## Stored data
▬▬▬▬▬▬▬▬▬▬
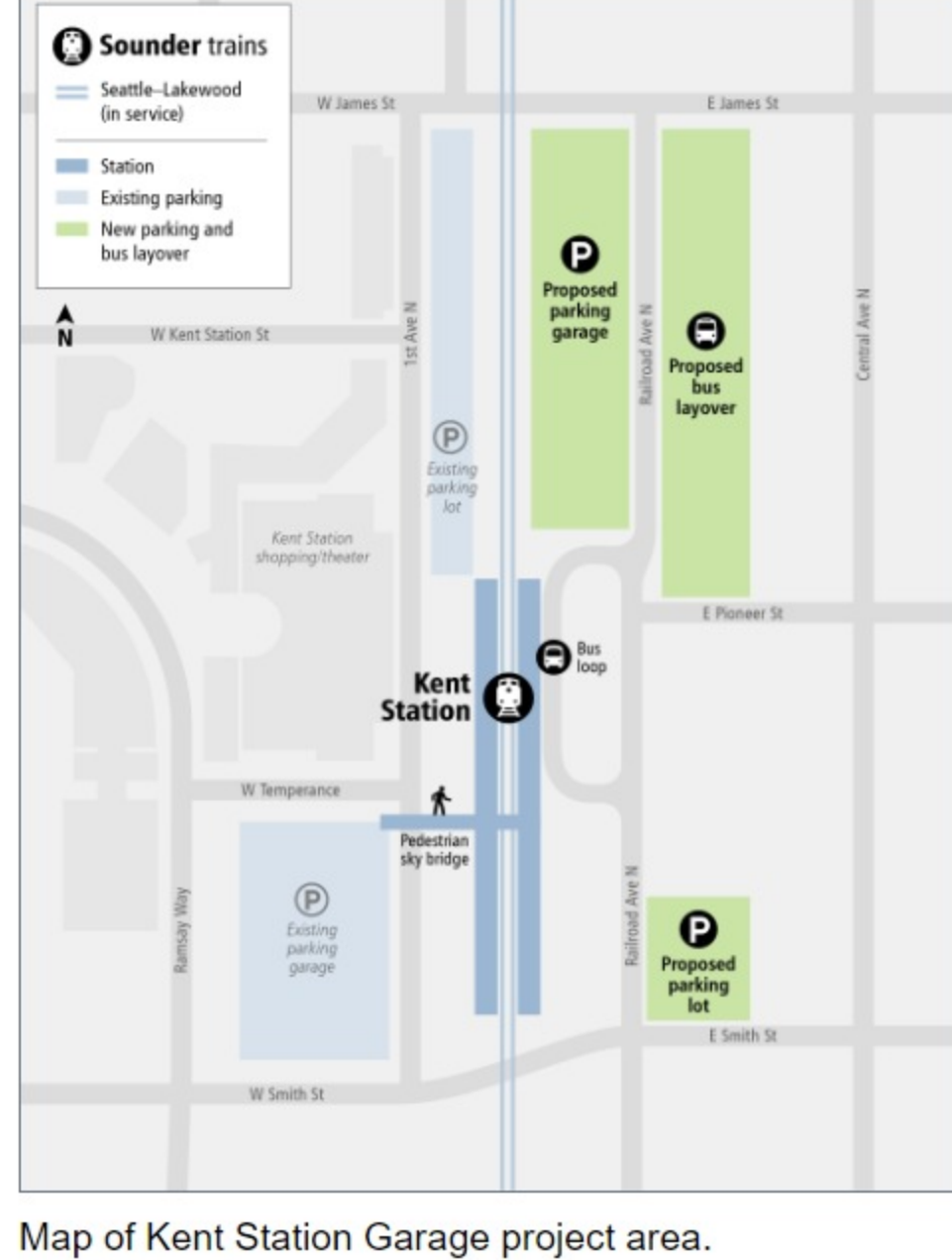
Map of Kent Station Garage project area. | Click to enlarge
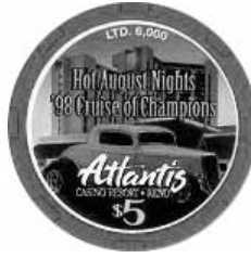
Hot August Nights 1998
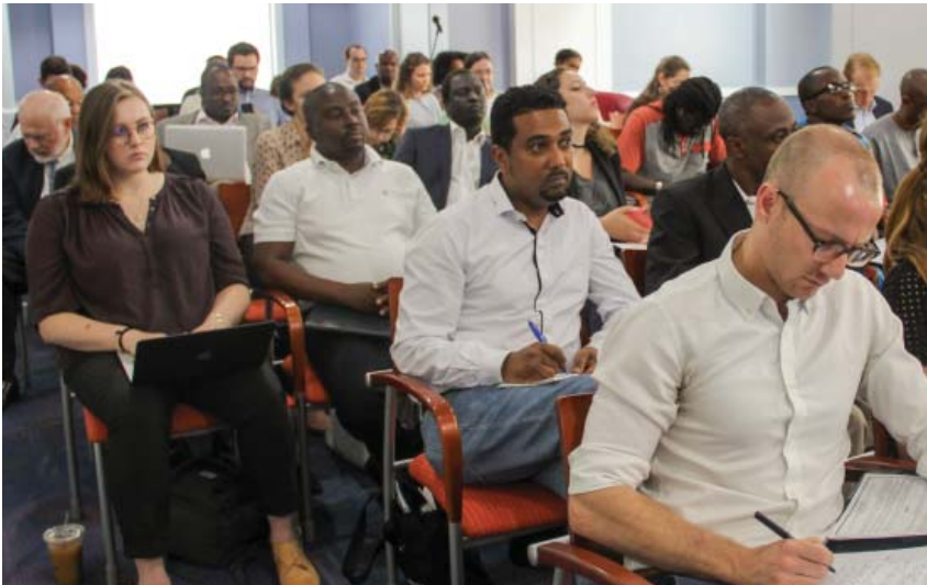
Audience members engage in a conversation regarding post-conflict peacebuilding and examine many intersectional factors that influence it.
▬▬▬▬▬▬▬▬▬▬
Everything in the data except the pictures must be retyped exactly.

Map of Kent Station Garage project area. | Click to enlarge
Hot August Nights 1998
Audience members engage in a conversation regarding post-conflict peacebuilding and examine many intersectional factors that influence it.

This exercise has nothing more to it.